MATERIAL PROVIDED:
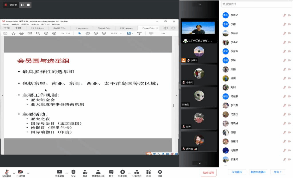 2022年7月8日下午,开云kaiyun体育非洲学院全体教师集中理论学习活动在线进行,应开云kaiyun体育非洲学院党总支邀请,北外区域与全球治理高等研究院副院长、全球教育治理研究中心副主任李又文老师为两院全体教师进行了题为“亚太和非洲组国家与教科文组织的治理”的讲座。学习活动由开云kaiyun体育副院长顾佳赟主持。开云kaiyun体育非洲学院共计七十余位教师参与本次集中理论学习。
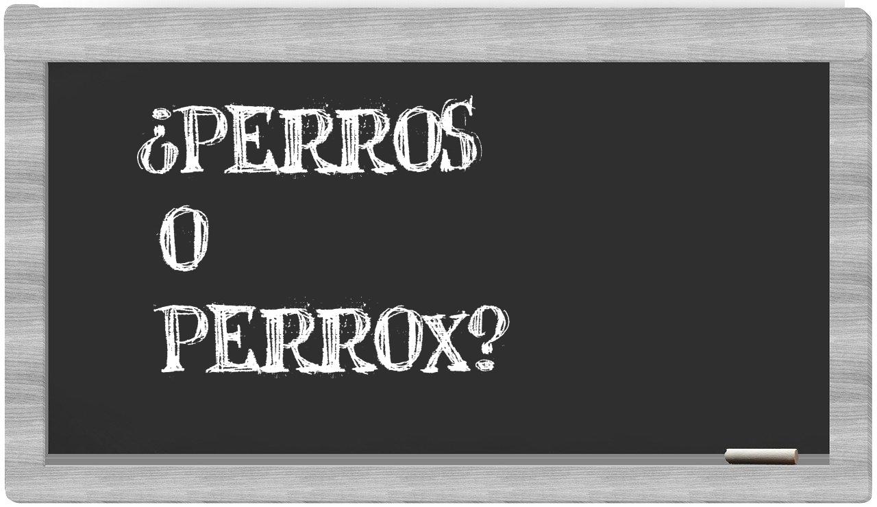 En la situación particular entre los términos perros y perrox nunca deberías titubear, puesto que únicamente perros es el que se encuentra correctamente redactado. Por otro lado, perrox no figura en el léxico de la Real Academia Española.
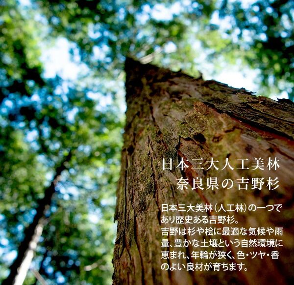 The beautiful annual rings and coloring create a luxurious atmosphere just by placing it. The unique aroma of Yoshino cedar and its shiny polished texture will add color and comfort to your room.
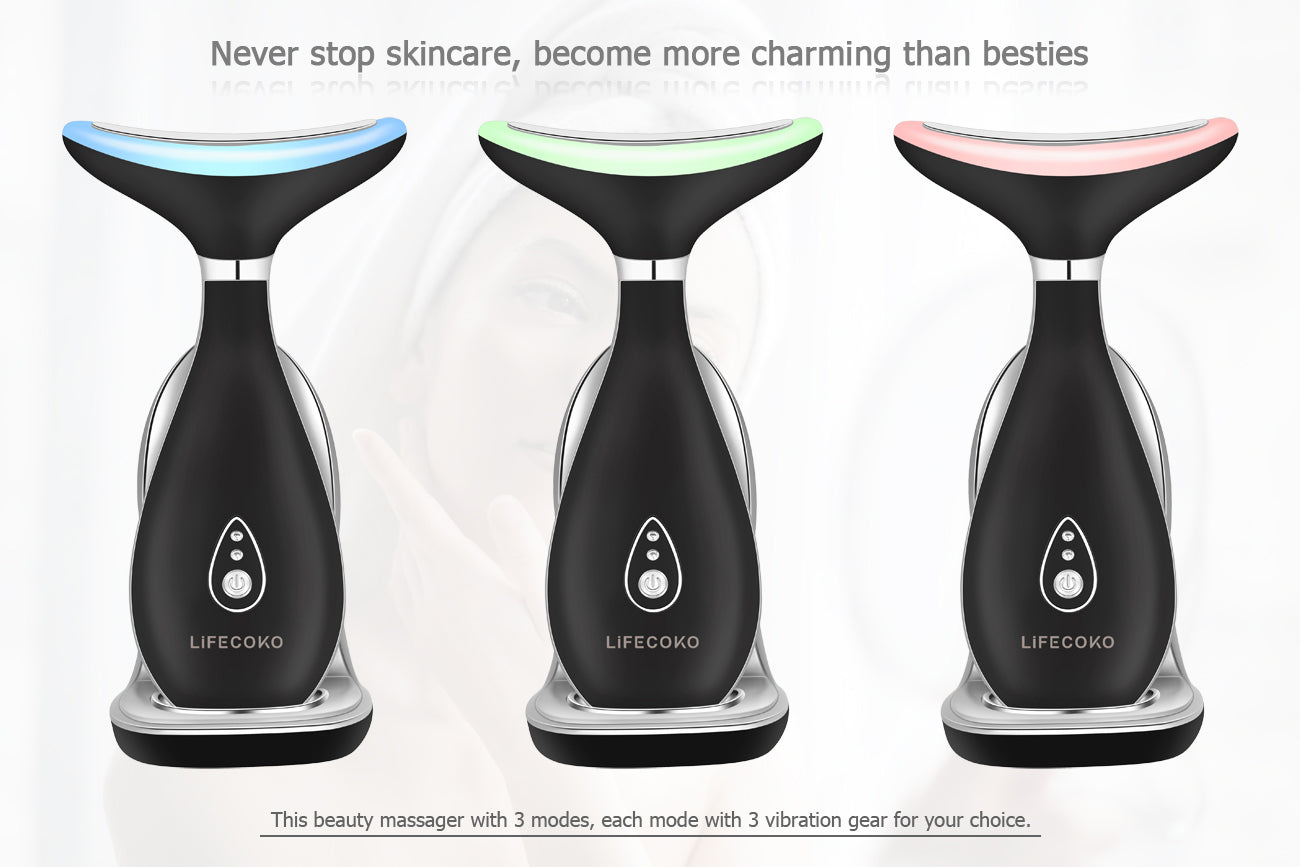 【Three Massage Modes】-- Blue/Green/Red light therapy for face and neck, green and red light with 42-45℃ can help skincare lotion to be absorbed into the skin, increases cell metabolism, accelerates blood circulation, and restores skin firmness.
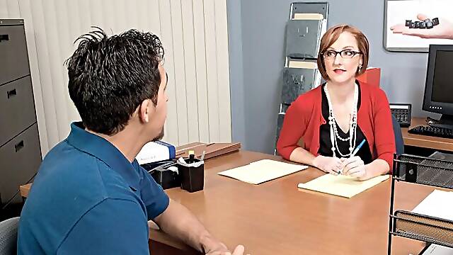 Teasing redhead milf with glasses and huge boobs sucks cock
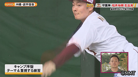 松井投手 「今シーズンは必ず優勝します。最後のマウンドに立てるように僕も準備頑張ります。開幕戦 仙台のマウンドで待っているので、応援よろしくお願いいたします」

---

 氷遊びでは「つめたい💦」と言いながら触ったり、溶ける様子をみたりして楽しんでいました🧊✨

* * *

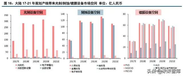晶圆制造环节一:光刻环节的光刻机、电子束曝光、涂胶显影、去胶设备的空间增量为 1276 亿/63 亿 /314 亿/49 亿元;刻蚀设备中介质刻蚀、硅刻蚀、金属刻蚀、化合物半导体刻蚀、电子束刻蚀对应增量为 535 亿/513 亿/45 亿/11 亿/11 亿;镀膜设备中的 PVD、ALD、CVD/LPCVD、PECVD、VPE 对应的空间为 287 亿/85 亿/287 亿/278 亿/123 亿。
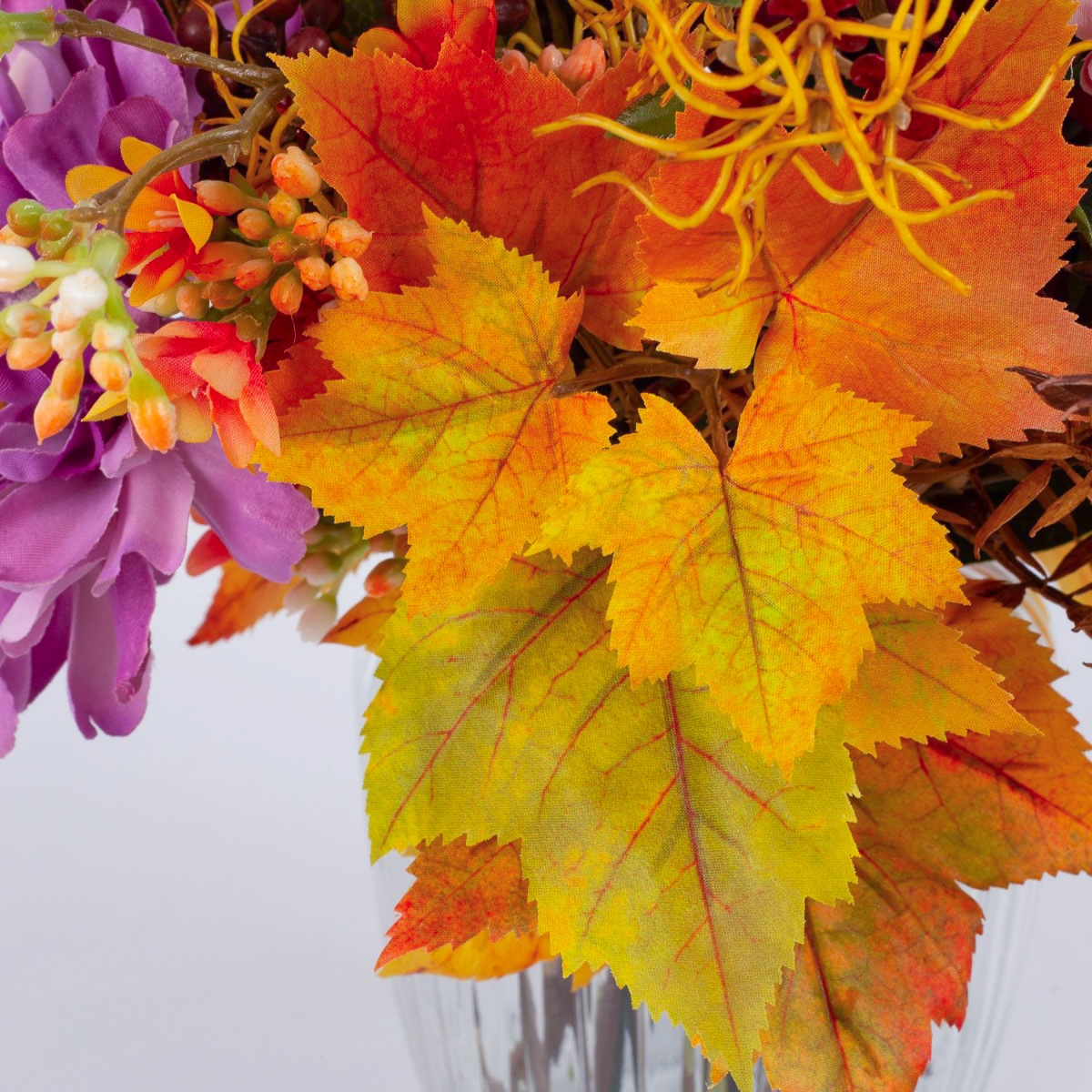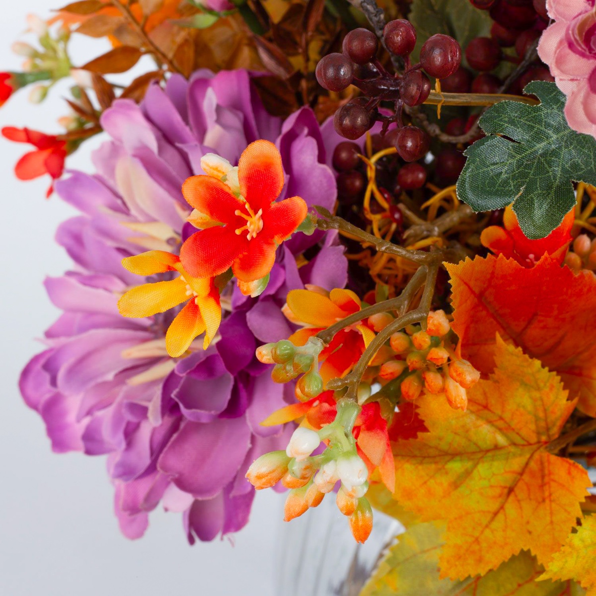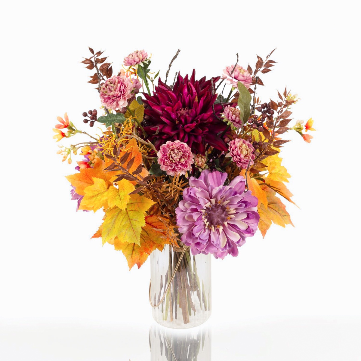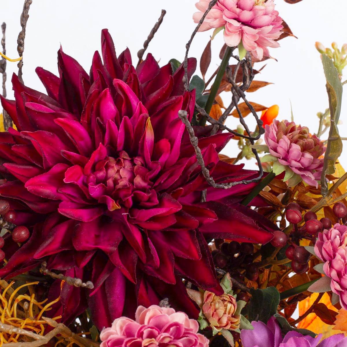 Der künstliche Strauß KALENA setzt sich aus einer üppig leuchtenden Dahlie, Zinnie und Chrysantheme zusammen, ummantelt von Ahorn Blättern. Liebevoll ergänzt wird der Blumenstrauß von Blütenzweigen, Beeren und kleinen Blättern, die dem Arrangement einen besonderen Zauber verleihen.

EXERCISE AIM: Could you write out exactly the lines of the data above that run from the one holding "2022年7月8日下午,开云" to the one holding "The beautiful annual", with both ends in and all pictures out?

RESULT OF THE EXERCISE:
 2022年7月8日下午,开云kaiyun体育非洲学院全体教师集中理论学习活动在线进行,应开云kaiyun体育非洲学院党总支邀请,北外区域与全球治理高等研究院副院长、全球教育治理研究中心副主任李又文老师为两院全体教师进行了题为“亚太和非洲组国家与教科文组织的治理”的讲座。学习活动由开云kaiyun体育副院长顾佳赟主持。开云kaiyun体育非洲学院共计七十余位教师参与本次集中理论学习。
 En la situación particular entre los términos perros y perrox nunca deberías titubear, puesto que únicamente perros es el que se encuentra correctamente redactado. Por otro lado, perrox no figura en el léxico de la Real Academia Española.
 The beautiful annual rings and coloring create a luxurious atmosphere just by placing it. The unique aroma of Yoshino cedar and its shiny polished texture will add color and comfort to your room.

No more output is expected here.